Magnificent optical design in the four-eyed fish

When swimming underwater, everything around you appears blurred. That's because water represents a very different environment for our eyes, which have been created to be able see in an atmospheric environment. Accordingly, a fish taken out of its normal habitat into an atmospheric environment might also be expected to see everything as blurred. However, one species of fish, which lives in rivers and lakes from Southern Mexico to northern South America, can see very well both in the water and above. This is the anableps, better known as the four-eyed fish. Not only able to see very clearly outside the water, this fish can even focus on objects in the air.

The anableps actually has only two eyes, but each is divided horizontally; that is, each eye has two separate optical systems, each with its own focal length. This flawless design explains why the anableps see two different images at the same time. When swimming slightly beneath the surface its pupils remain above the surface of the water and constantly scan the air. In this way the fish is able to feed on flying creatures or flee swimming ones.

The two separate focal points in the fish's eye let it receive two images at the same time.

A spotted band of tissue containing pigment and each of the visible irises divide each eye into two halves at the water line, and these form two pupils, one above the water and the other beneath it. Looked at from above, the irises resemble fingers floating in the air inside protuberant eyes.

The four-eyed fish is able to leap into the air to catch insects and to dive into the water to hunt swimming creatures. However, it mainly catches crustaceans moving in the shallow water near the shore, algae, or insects trapped on the water's surface.

Scientists have established that the fish pays more attention to the air, where it can perceive objects that are smaller and more distant. Even so, it frequently dives down into the water to feed or to escape predators.

How Did This System Come Into Being?

It's no doubt that it is impossible for a fish to design two different visual optical systems for itself, according to the different optical properties of air and water, and then to install both systems so that they can work in harmony within a single eye.

Could its eyes have come into being by random processes, as the theory of evolution maintains? In other words, could this optical design—the likes of which is found nowhere else—have appeared by chance mutation in one individual's eyes, and then have been transmitted to subsequent generations?

Of course not. Complex structures such as eyes depend on a great many inter-related components working together. The absence of or a defect in any one will mean the eye serves no purpose at all. Systems like this are known as "irreducibly complex." For example, the human eye cannot be reduced to any simpler form, since without every single one of its features, it can serve no function at all. This is further proof that the eye couldn't have "evolved" in stages over the course of time.

As Darwin himself admitted, "If it could be demonstrated that any complex organ existed, which could not possibly have been formed by numerous, successive, slight modifications, my theory would absolutely break down." (Charles Darwin, The Origin of Species: A Fascimile of the First Edition, Harvard University Press, 1964, p.189) This single example undermines the very foundations of his theory of evolution.

Darwin was aware that he faced a grave dilemma with regard to the "evolution of the eye." Indeed, he confessed this in the chapter of his book called Difficulties on Theory. The American physicist H. S. Lipson, who read Darwin's book, made the following comment about these "difficulties" of Darwin's:

On reading The Origin of Species, I found that Darwin was much less sure himself than he is often represented to be; the chapter entitled "Difficulties of the Theory" for example, shows considerable self-doubt. As a physicist, I was particularly intrigued by his comments on how the eye would have arisen. (H. S. Lipson, "A Physicist's View of Darwin's Theory", Evolution Trends in Plants, vol. 2, no. 1, 1988, p. 6.)

Since evolutionists can't account for the emergence of a single eye, they obviously can offer no explanation of the origin of the four-eyed fish, which can see as well as a human being above the water, but as well as a fish underneath it. The four-eyed fish, has been created by God, with an extraordinary system, using no previous models, and utterly flawlessly.

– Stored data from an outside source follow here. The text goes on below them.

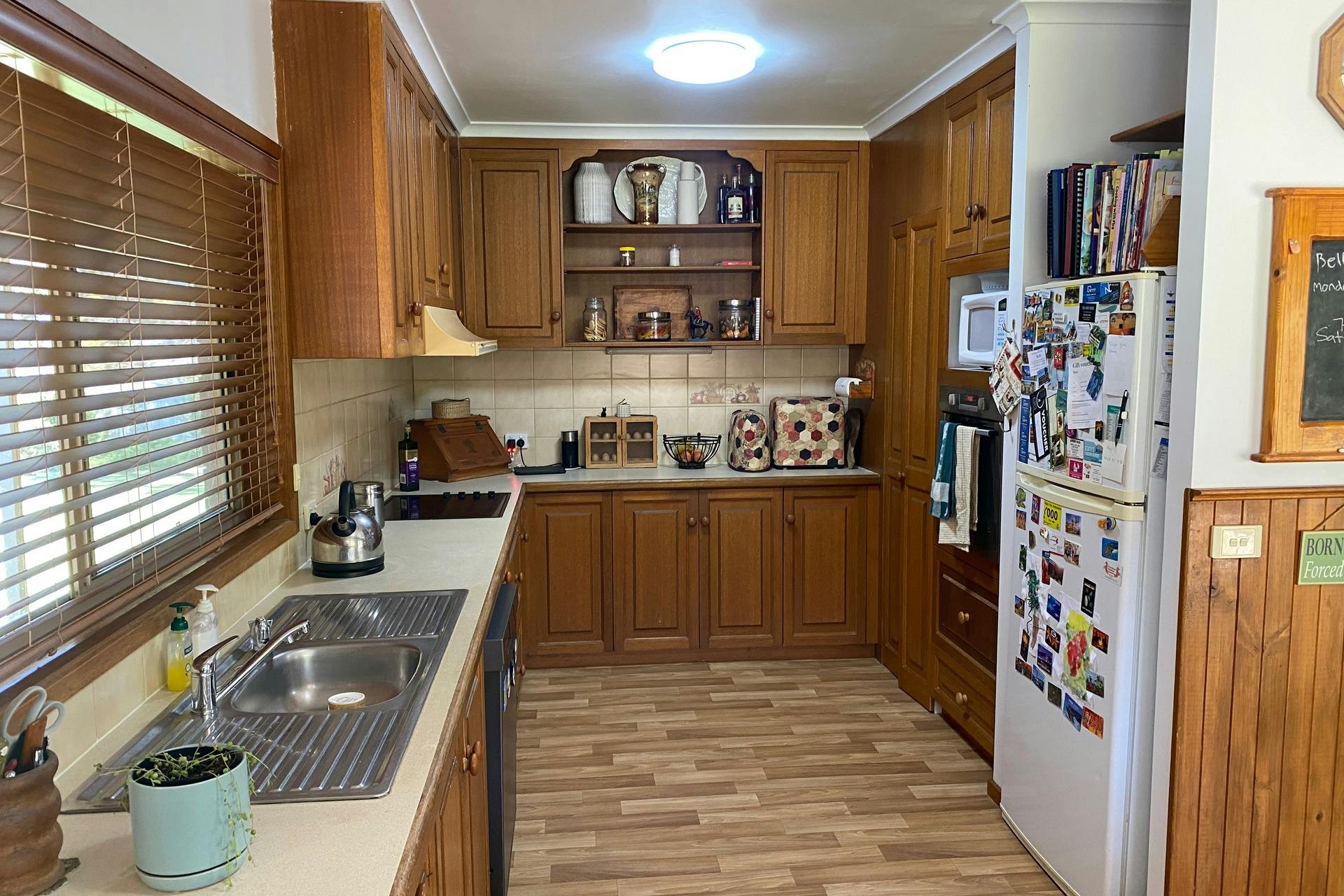 A fernery oasis greets you outside as part of the paved entertaining area with timber decked area with spa. Secure landscaped garden area with automatic sprinkler system. Attached double garage with roller doors. Horse stable complex with two stables, tack room and yards. Galvanised Iron, steel frame 11x6 work shop with slow combustion heater and evaperative air conditioner. Galvanised Iron, steel frame 14x8 four bay machinery shed with secure bay with roller door. Zinc garden shed. Chook run. Ample rain water and pipeline water tanks. Quality arable soil, well fenced (electric) ideal for cropping, fodder or grazing.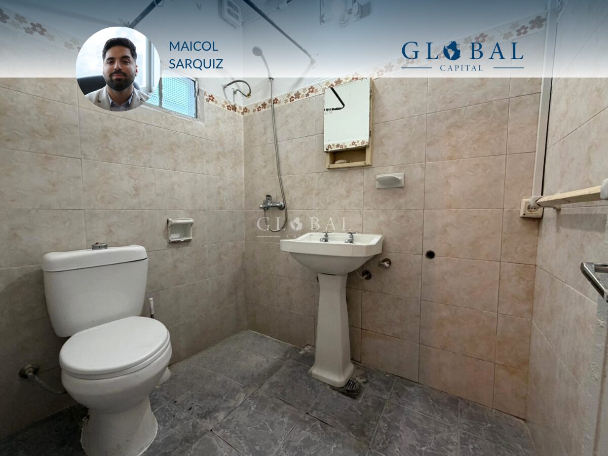 Cuenta con baño completo y un dormitorio, ubicado hacia el frente de la unidad.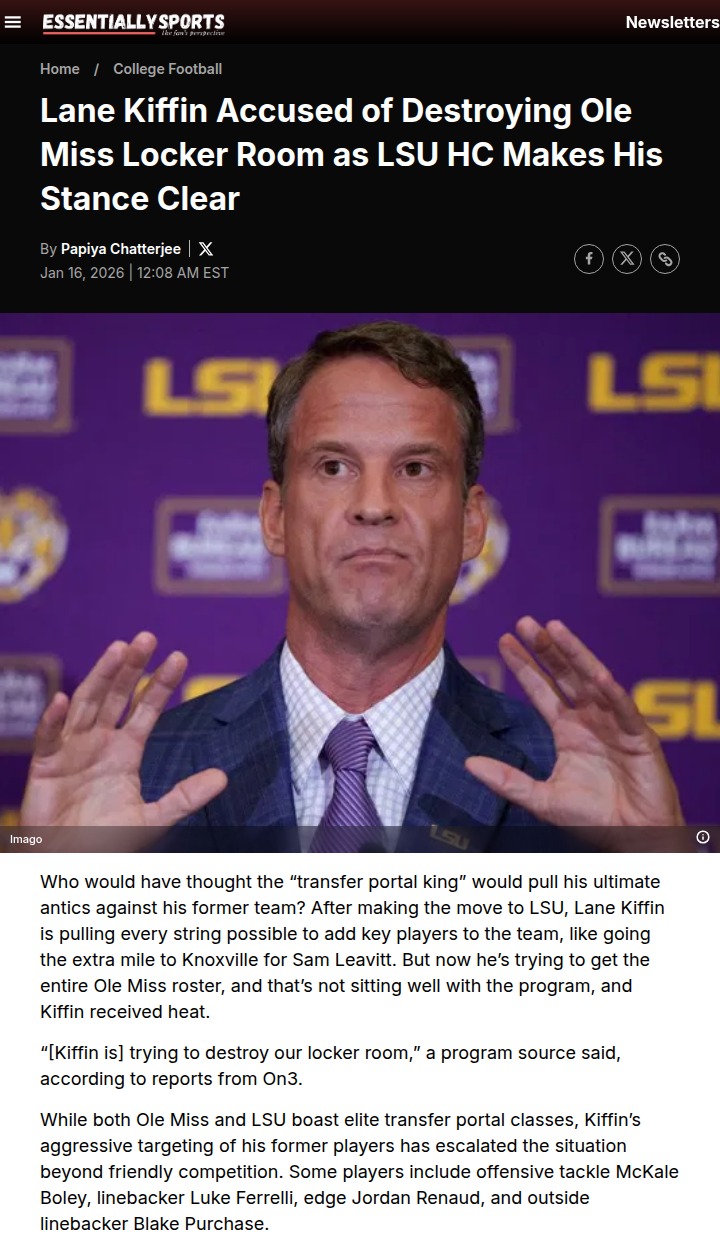 John Camacho+FollowKiffin’s Portal Raid: Rebels vs Tigers Heating UpThe drama between the “transfer portal king” Lane Kiffin and his old squad, the Rebels, is reaching new heights. Now at LSU, Kiffin is aggressively recruiting Ole Miss players, and some in Oxford say he’s trying to “destroy our locker room.” With both teams leading SEC transfer rankings, this rivalry is turning personal. Is Kiffin just playing the game, or is he crossing the line? Golding’s first year as HC just got a lot tougher. Thoughts on this wild portal battle? #Sports #Football #LaneKiffin01Share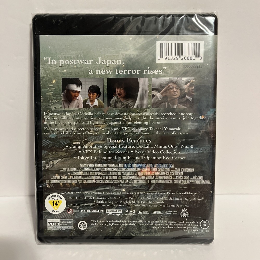 Just got my hands on this 4K UHD Blu-ray and wow—Godzilla Minus One looks absolutely incredible! The visuals are razor-sharp, the action is intense, and the sound design pulls you right into the chaos. Toho really delivered with this one—every scene pops with detail, making it a must-watch for any kaiju fan. The PG-13 rating keeps it thrilling without going overboard. If you love Godzilla or just want a top-tier 4K experience, grab this while it's sealed—you won’t regret it!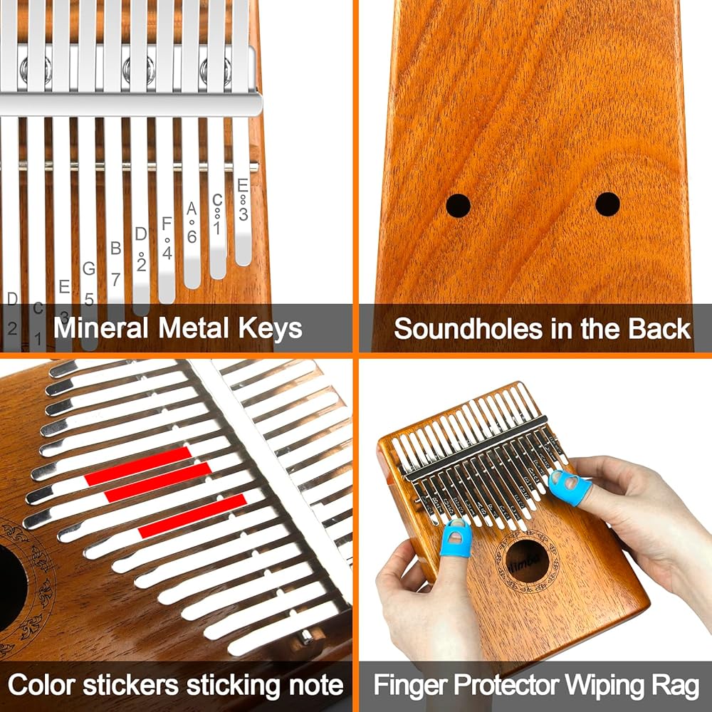♫【سهلة اللعب】مفاتيح الأكورديون منقوشة بالحروف والملاحظات، مما يساعد المبتدئين والأطفال على التعرف على المفتاح وذاكرته، ويقدم الكتيب طريقة استخدام وأداء كاليمبا بالتفصيل.

Evolutionists refuse to see this obvious truth and still insist on believing in nonsense, but everyone else should determinedly avoid falling into the same error.

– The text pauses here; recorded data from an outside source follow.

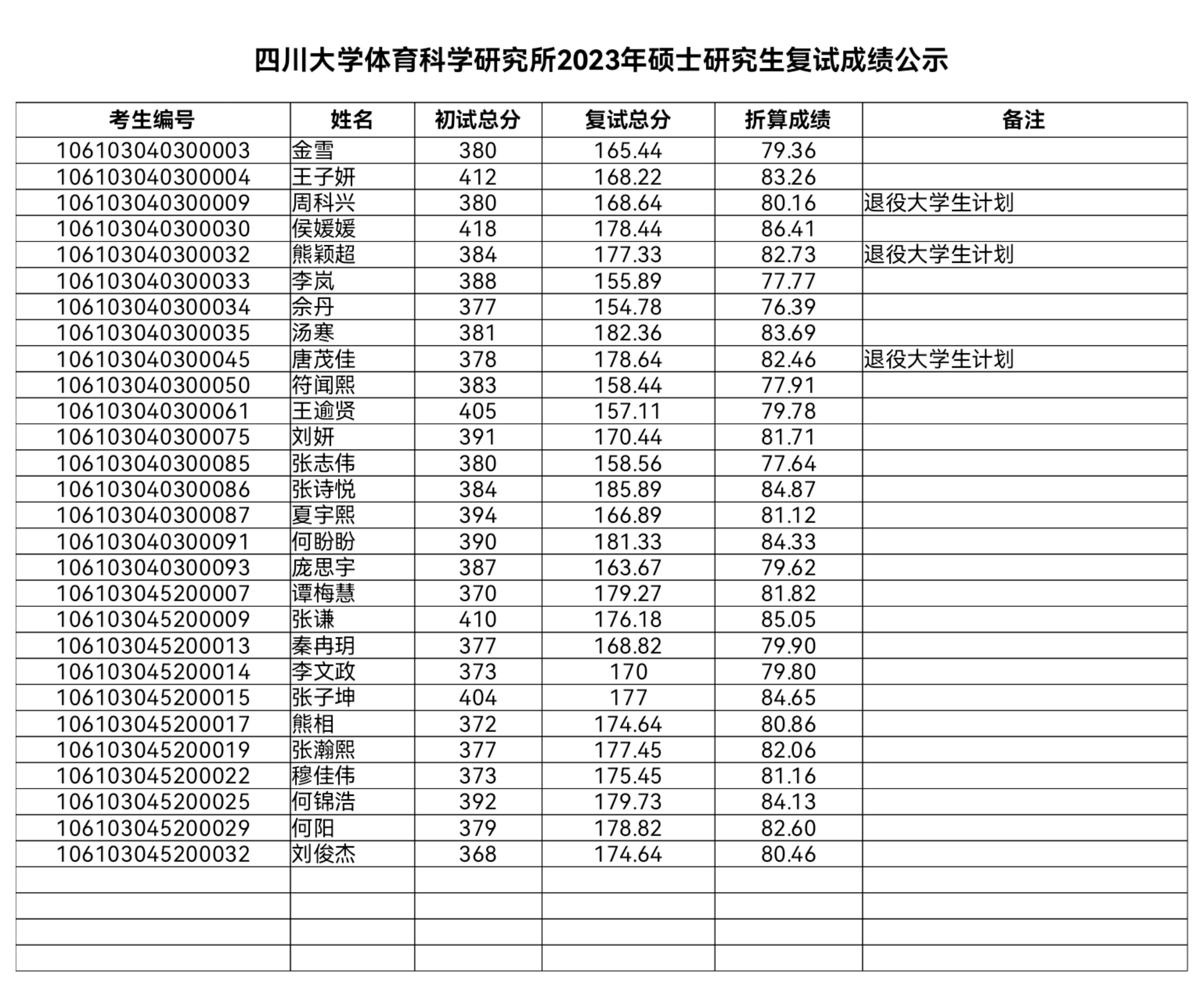 太阳成集团tyc122cc体育科学研究所2023年硕士研究生复试成绩公示
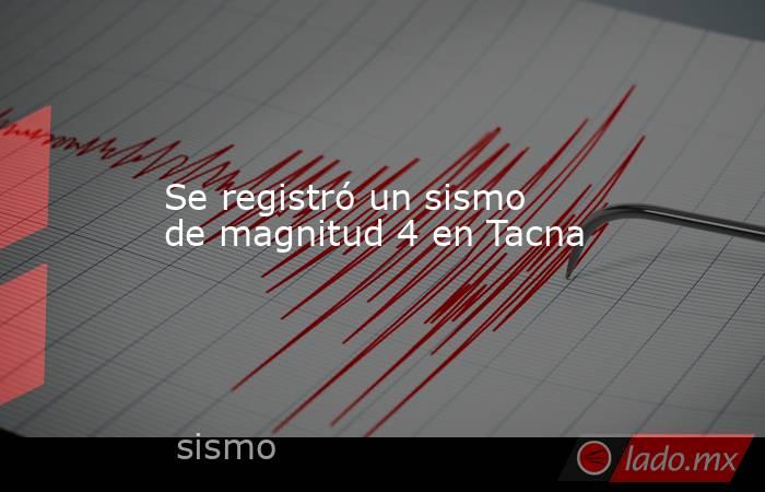 Un sismo de magnitud 4 ocurrió este domingo 7 de diciembre en la ciudad de Tacna, en la provincia de Tacna, del departamento de Tacna, de acuerdo con la más reciente información del Centro Sismológico Nacional (Censis) del Instituto Geofísico del Perú (IGP).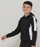 100% polyester. Brushed back fleece. Drop shoulder style. Three panel hood. Crossover neck detail. Contrast shoulder, upperarm and side panels (black and navy are self colour). Two front zip pockets. Ribbed cuffs and hem. Tear out label.
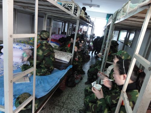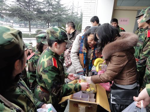 3月9日,附中领导蔡宇校长、罗祥勇书记和高一班主任看望附中高一年级军训学生。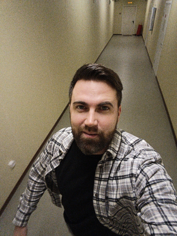- "A man with a beard stands in a hallway wearing a black t-shirt and a gray and white flannel shirt" by FM-YVp303, licensed under CC BY 4.0
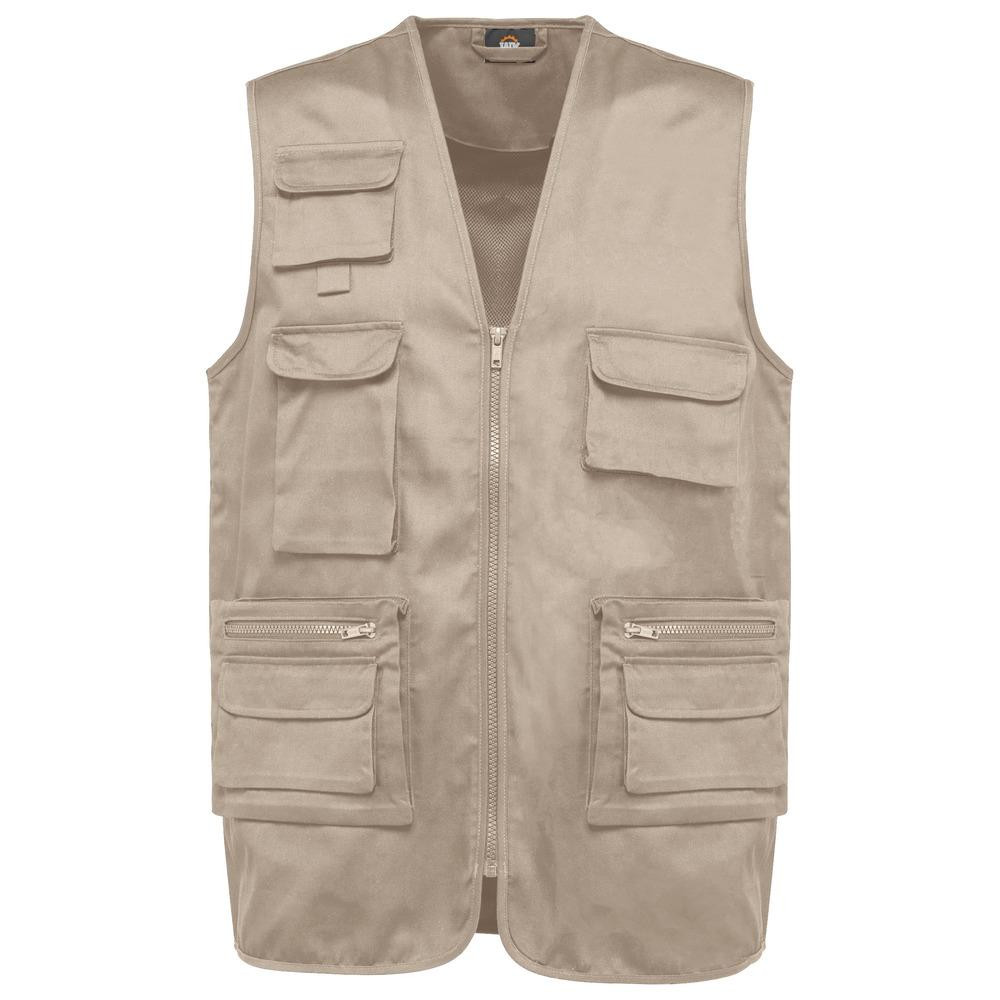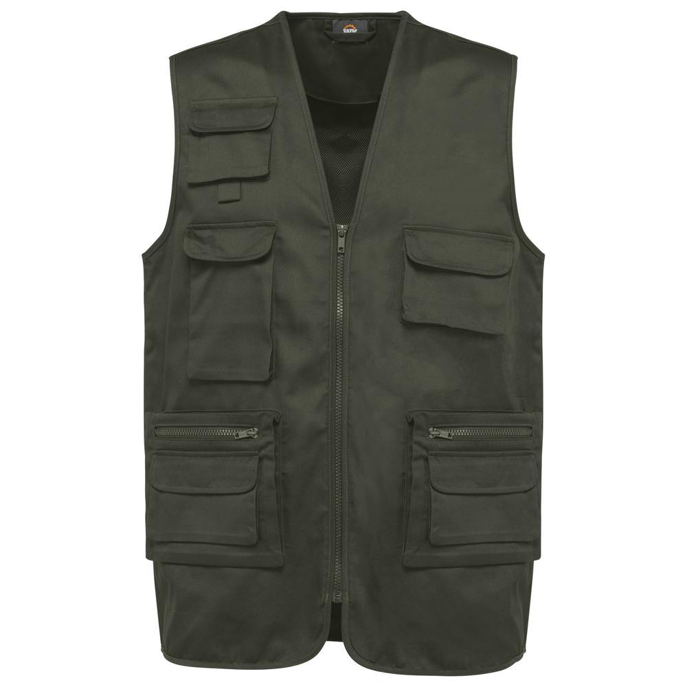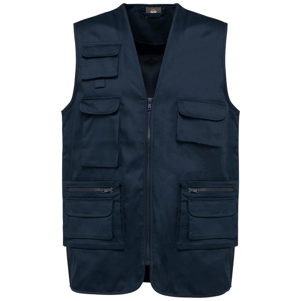 2 dubbele opgezette zakken met plooi vooraan, waarvan 1 met klep en 1 met ton-sur-ton plastic rits + 3 opgezette zakken met plooi en klep met klittenbandsluiting in verschillende formaten.

This deep lack of understanding is given to them in return for their rejection of the existence of God. In one verse God reveals:

Do not be like those who forgot God so He made them forget themselves. Such people are the deviators. (Surat al-Hashr: 19)

Since the refraction indices of water and the eye's cornea are nearly the same, light reflected from underwater objects passes directly through the cornea and is focused in the lens, which has a higher index. Air, on the other hand, has a lower refractive index than the cornea, for which reason the light is refracted twice. The anableps sees both images clearly by using its flawless, egg-like lenses. The section of the lens at the same level as the pupil has been given a spherical shape, just like a fish's eye. A swimming insect larva can thus be focused onto the retina. The less rounded upper part, on the other hand, more closely resembles the human eye and compensates for the two refractions that take place when looking at objects in the air. The fish can thus see even a mosquito perfectly clearly. This perfect design is just one of the countless examples of God's incomparable creative artistry.